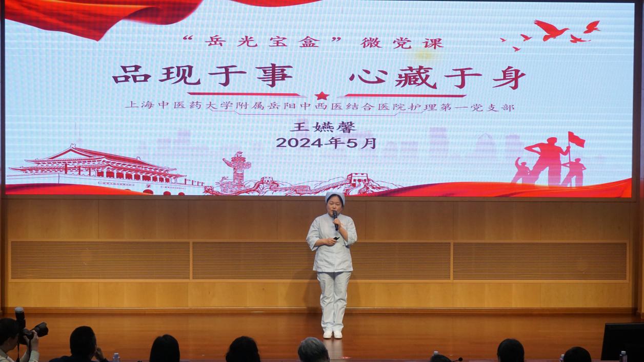 开元集团原副校长余小明,上海市名中医、开元集团网站终身教授、岳阳中西医结合医院原院长严隽陶,上海市卫生健康委干部人事处处长倪艳华,学校职能部门负责人参加,医院近300名党员观摩学习。微党课由岳阳中西医结合医院党委副书记、纪委书记赵庆主持。
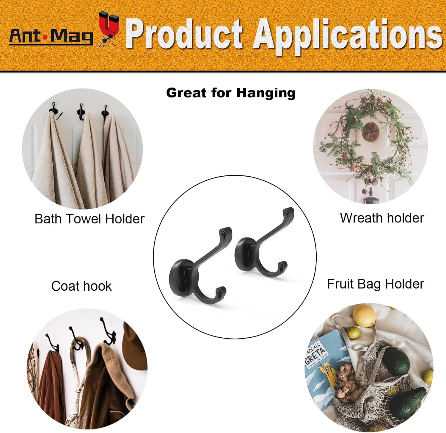 - 【REINFORCED MAGNET】Ant Mag magnetic hooks are made of the strong neodymium magnet, which produces an intensive force of attraction that holds up to amazing 140lbs on vertical hanging and 35lbs on horizontal hanging.
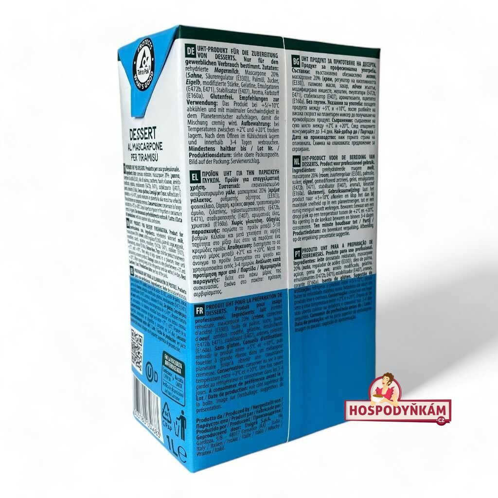 Rehydratované odstředěné MLÉKO, 20% mascarpone (SMETANA, regulátor kyselosti E330), palmový olej, cukr, VAJEČNÝ žloutek, modifikovaný škrob, želatina, emulgátory (E472b, E471), stabilizátor E407, aroma, barvivo E160a.
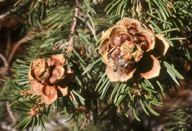 وقتی که مخروط ها رسیده شدند باز میشوند و دانه ها را به بیرون میریزند.
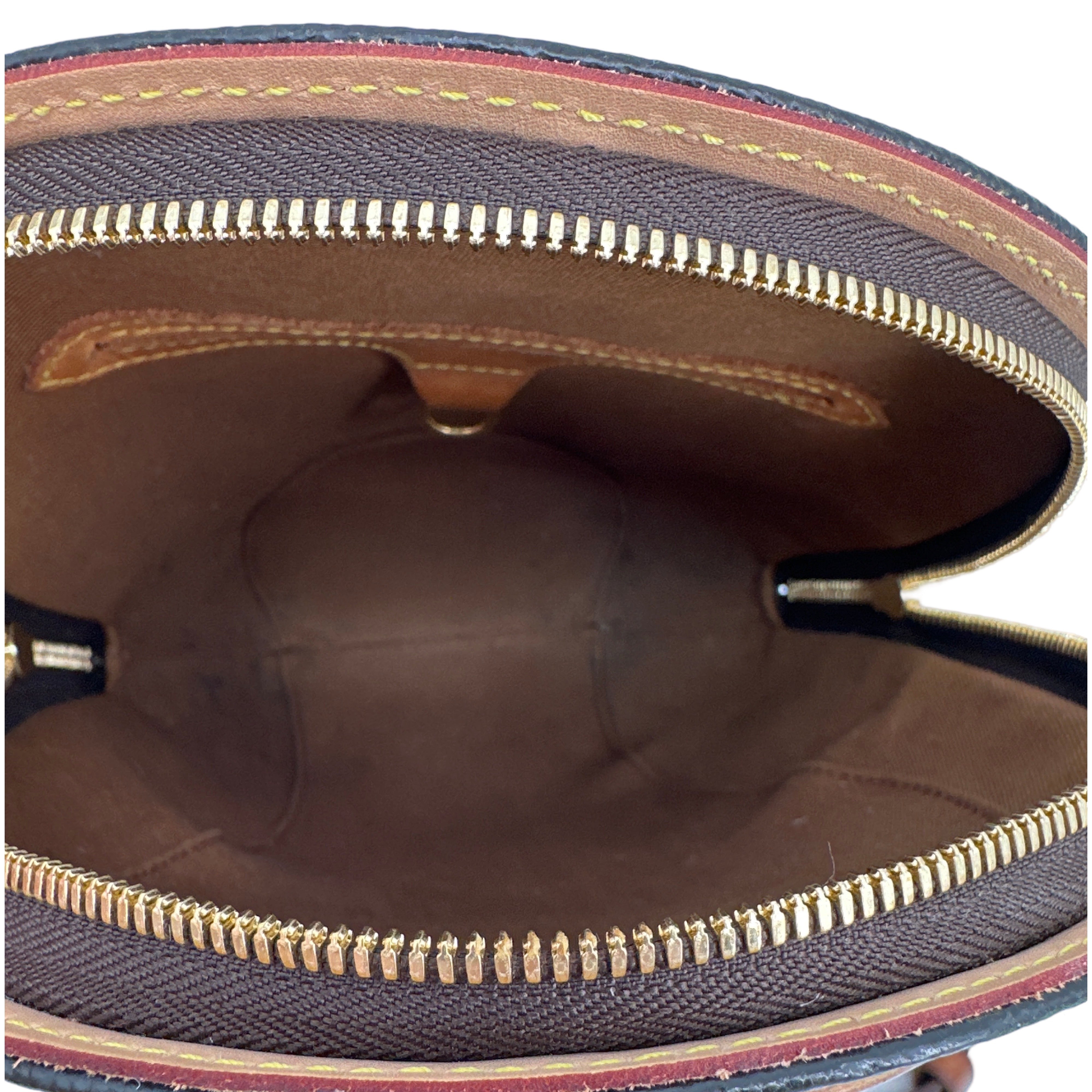 The brown leather trim and adjustable leather straps add to the bag’s luxurious feel while ensuring comfort and versatility. The interior is lined with durable brown canvas, making it practical for everyday use, and includes a zip pocket for organization. The gold-tone hardware, including the newly replaced zipper, adds a touch of elegance and complements the classic monogram pattern.

○ ○ ○

▶ [Work to be completed]: Write out the entries word for word. Skip the pictures.

▶ [Result of this task]:
 开元集团原副校长余小明,上海市名中医、开元集团网站终身教授、岳阳中西医结合医院原院长严隽陶,上海市卫生健康委干部人事处处长倪艳华,学校职能部门负责人参加,医院近300名党员观摩学习。微党课由岳阳中西医结合医院党委副书记、纪委书记赵庆主持。
 - 【REINFORCED MAGNET】Ant Mag magnetic hooks are made of the strong neodymium magnet, which produces an intensive force of attraction that holds up to amazing 140lbs on vertical hanging and 35lbs on horizontal hanging.
 Rehydratované odstředěné MLÉKO, 20% mascarpone (SMETANA, regulátor kyselosti E330), palmový olej, cukr, VAJEČNÝ žloutek, modifikovaný škrob, želatina, emulgátory (E472b, E471), stabilizátor E407, aroma, barvivo E160a.
 وقتی که مخروط ها رسیده شدند باز میشوند و دانه ها را به بیرون میریزند.
 The brown leather trim and adjustable leather straps add to the bag’s luxurious feel while ensuring comfort and versatility. The interior is lined with durable brown canvas, making it practical for everyday use, and includes a zip pocket for organization. The gold-tone hardware, including the newly replaced zipper, adds a touch of elegance and complements the classic monogram pattern.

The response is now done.